• [Working data]:
____________________

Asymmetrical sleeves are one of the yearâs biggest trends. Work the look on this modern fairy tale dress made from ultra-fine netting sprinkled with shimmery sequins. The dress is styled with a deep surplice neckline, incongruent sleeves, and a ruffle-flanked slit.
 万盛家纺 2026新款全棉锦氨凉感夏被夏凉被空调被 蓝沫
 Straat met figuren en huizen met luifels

____________________

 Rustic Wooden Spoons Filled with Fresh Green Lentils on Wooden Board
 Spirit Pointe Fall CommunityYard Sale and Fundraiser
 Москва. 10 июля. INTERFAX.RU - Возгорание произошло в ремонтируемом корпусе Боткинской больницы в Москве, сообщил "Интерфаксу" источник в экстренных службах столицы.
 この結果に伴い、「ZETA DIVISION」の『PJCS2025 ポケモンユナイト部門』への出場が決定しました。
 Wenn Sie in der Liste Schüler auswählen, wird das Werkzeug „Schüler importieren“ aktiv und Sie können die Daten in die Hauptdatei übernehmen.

____________________

• [Task to complete]:
Write down, word for word, the lines above from the one containing "Asymmetrical sleeves are" through the one containing "Straat met figuren en huizen met luifels", both ends included.

• [Response area]:
Asymmetrical sleeves are one of the yearâs biggest trends. Work the look on this modern fairy tale dress made from ultra-fine netting sprinkled with shimmery sequins. The dress is styled with a deep surplice neckline, incongruent sleeves, and a ruffle-flanked slit.
 万盛家纺 2026新款全棉锦氨凉感夏被夏凉被空调被 蓝沫
 Straat met figuren en huizen met luifels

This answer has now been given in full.